The name collision needs to be cleared at the front. There are two Peter Anderssons in the Cold Meat Industry archive, and they are not the same person. The Raison d'Être Peter Andersson is from Strängnäs and operates from a quasi-medieval and Christian-mystic sound space. The Deutsch Nepal Peter Andersson, also Swedish, also a long-running Cold Meat Industry artist, operates under the alias Lina Baby Doll / Der General and co-founded the Cold Meat Industry label itself in 1987 with Roger Karmanik of Brighter Death Now. The two Peter Anderssons have collaborated occasionally (most notably as the duo project Bocksholm), but they are distinct figures with distinct catalogues. The Bureau notes that nothing in the Cold Meat Industry catalogue is more confusing than this naming overlap.
The Raison d'Être founding sequence is straightforward. Andersson began making music in 1988 under the names Grismannen (a scatological / whimsical project) and Dementia (8-bit techno / EBM-influenced material). He settled on Raison d'Être as the long-form vehicle in 1991; the début cassette Après Nous Le Déluge appeared on Sound Source (the Cold Meat Industry sublabel that handled tape releases) in 1992. The first proper CD Prospectus I followed on Cold Meat Industry proper in 1993; Enthralled by the Wind of Loneliness followed in 1994 (the misspelling on the original sleeve was corrected on the 2013 Redux and 2021 Sublime editions); Within the Depths of Silence and Phormations in 1995 pushed the project into sampler-based collage of monk-chant, ominous percussion and electronic drone; In Sadness, Silence and Solitude in 1997 returned to dense neoclassical-mystical territory and gave the catalogue one of its most-cited titles.

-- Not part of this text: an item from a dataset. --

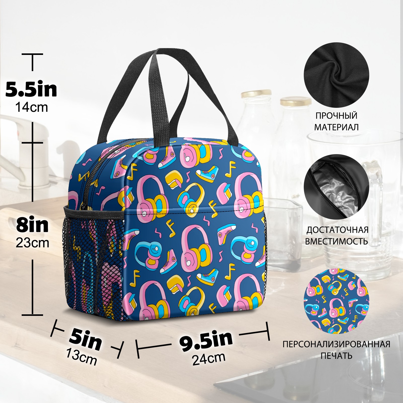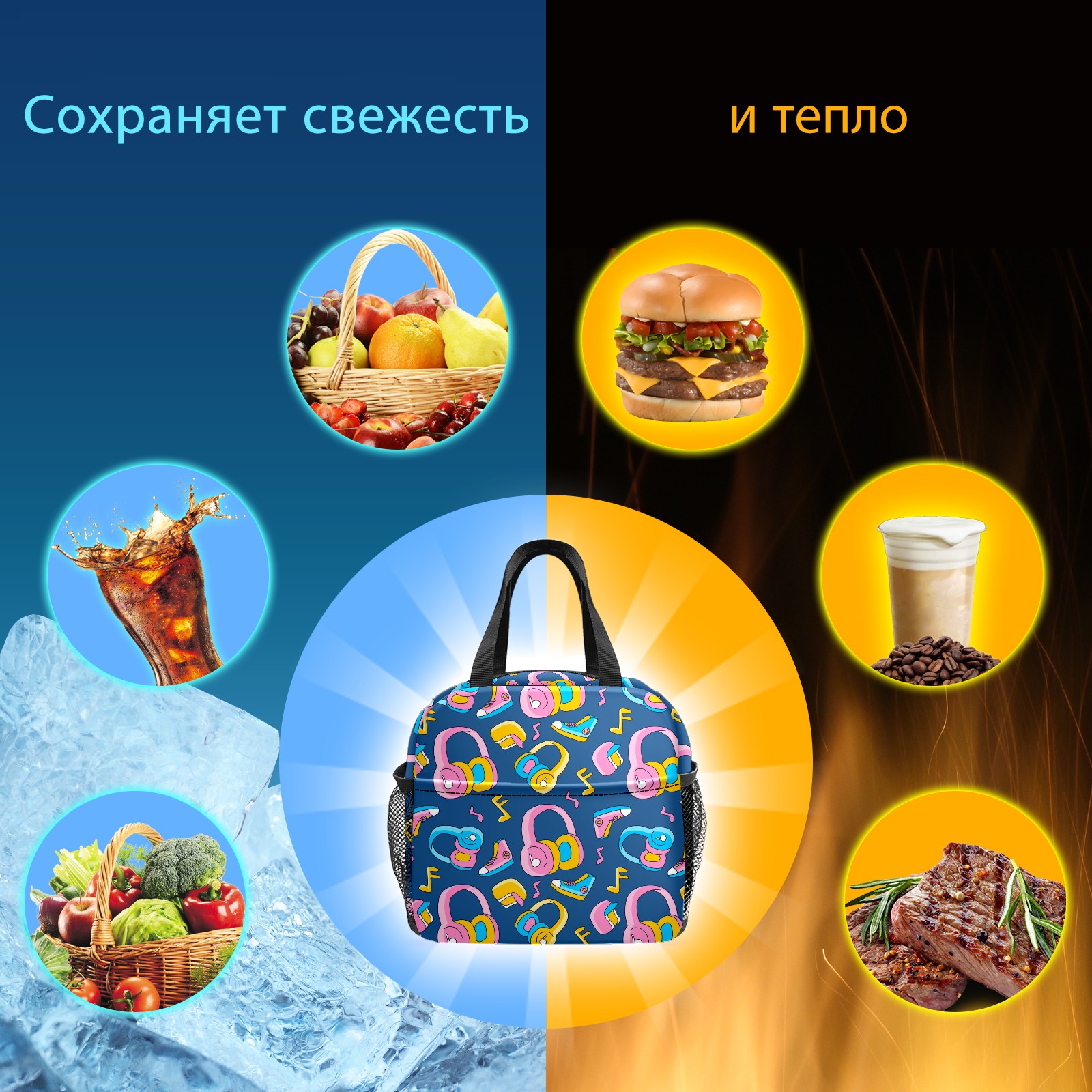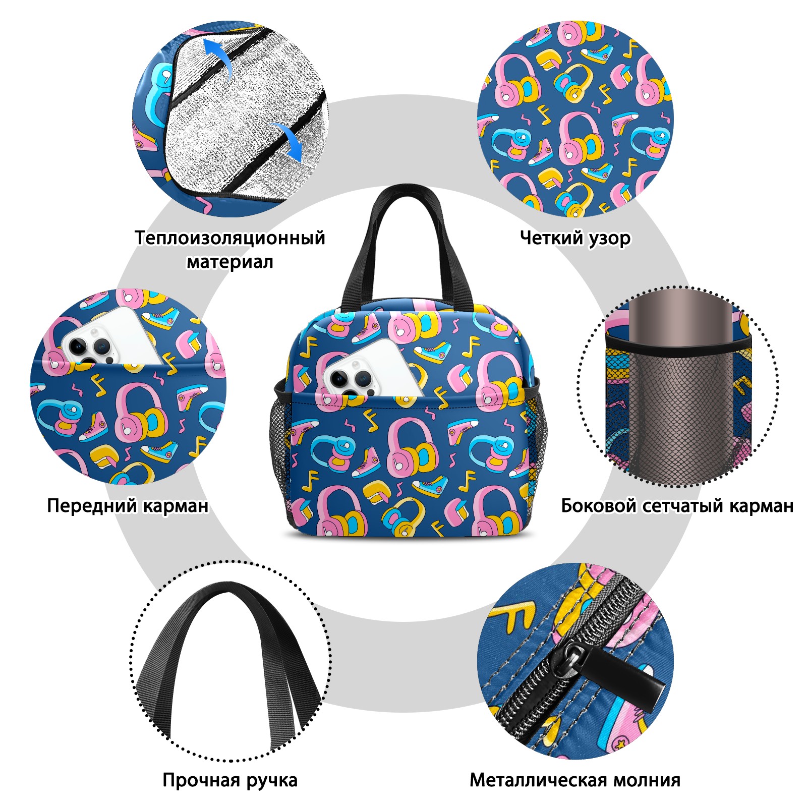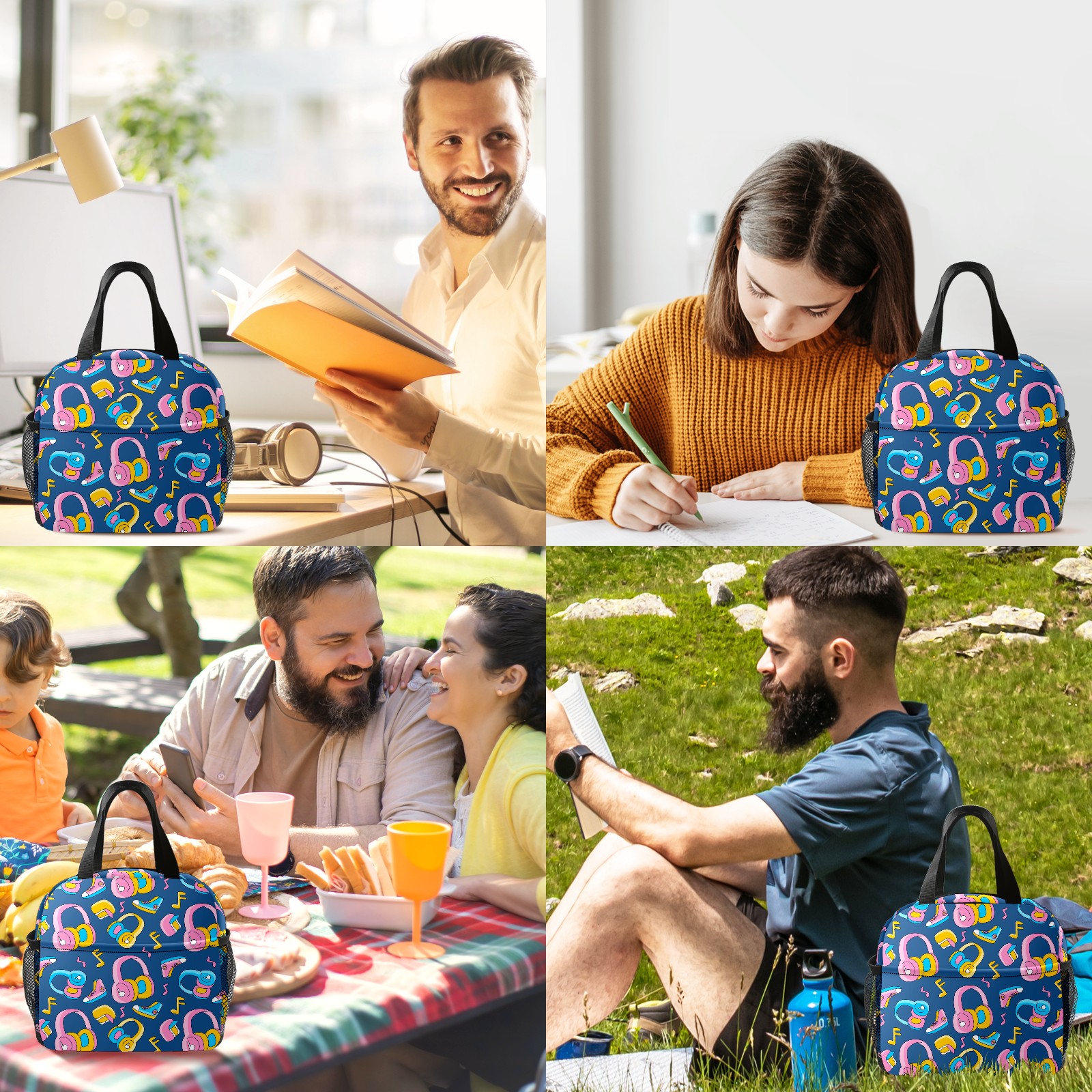 Lunch Bag,Lunch Box for Women Men,Funky Head Phone Reusable Insulated Lunch Tote,Small Leakproof Cute Lunch Cooler with High Capacity for Work,Picnic,Camping

The catalogue's most cited record is The Empty Hollow Unfolds (CMI 78, 2000). Its closing twenty-plus-minute piece The Eternal Return And The Infinity Horizon is widely treated by reviewers as the project's peak: a slow rising-and-falling drone-loop structure that builds toward something almost transcendent without ever resolving into a recognisable melodic shape. The record lies at the centre of the Cold Meat Industry dark-ambient catalogue alongside the Lustmord and Brighter Death Now material; it is also the record that prompts the most consistent "not really dark ambient, too beautiful" complaints from listeners who want the form to be unrelievedly bleak. The Bureau treats those complaints as evidence that the record is doing its job correctly.
From Requiem for Abandoned Souls (2003) onward, the catalogue moved into harsher and more electroacoustic territory. Metamorphyses (2006), The Stains of the Embodied Sacrifice (2009) and Mise en Abyme (2014) are the most challenging single records in the run, with Mise en Abyme being the album most often skipped by listeners who came in through the CMI period. Alchymeia (2018) returned to the dark melodicism and Gregorian-chant orientation of the mid-period CMI work; reviewers consistently treat it as a controlled return. Daemonum (2021), Daemonum + Daemoniacum (2022) and Love me tender or I will cause pain (2024) keep the catalogue at peak production rate; the project has not slowed.
The reissue programme deserves a paragraph of its own. From 2021 onward Andersson has run an expanded-edition reissue programme through his own Yantra Atmospheres imprint that has now reached most of the CMI-period catalogue: Prospectus I, Enthralled by the Wind of Loneliness, Within the Depths of Silence and Phormations, In Sadness, Silence and Solitude, The Empty Hollow Unfolds and The Stains of the Embodied Sacrifice all now exist in expanded-edition form, frequently with bonus discs that incorporate cassette-era material, rarities and contemporaneous compilation contributions. The Cold Meat Industry archive went through a long-running of catalogue-rights complexity after the label wound down operations in the 2010s; the Yantra Atmospheres programme has repaired that.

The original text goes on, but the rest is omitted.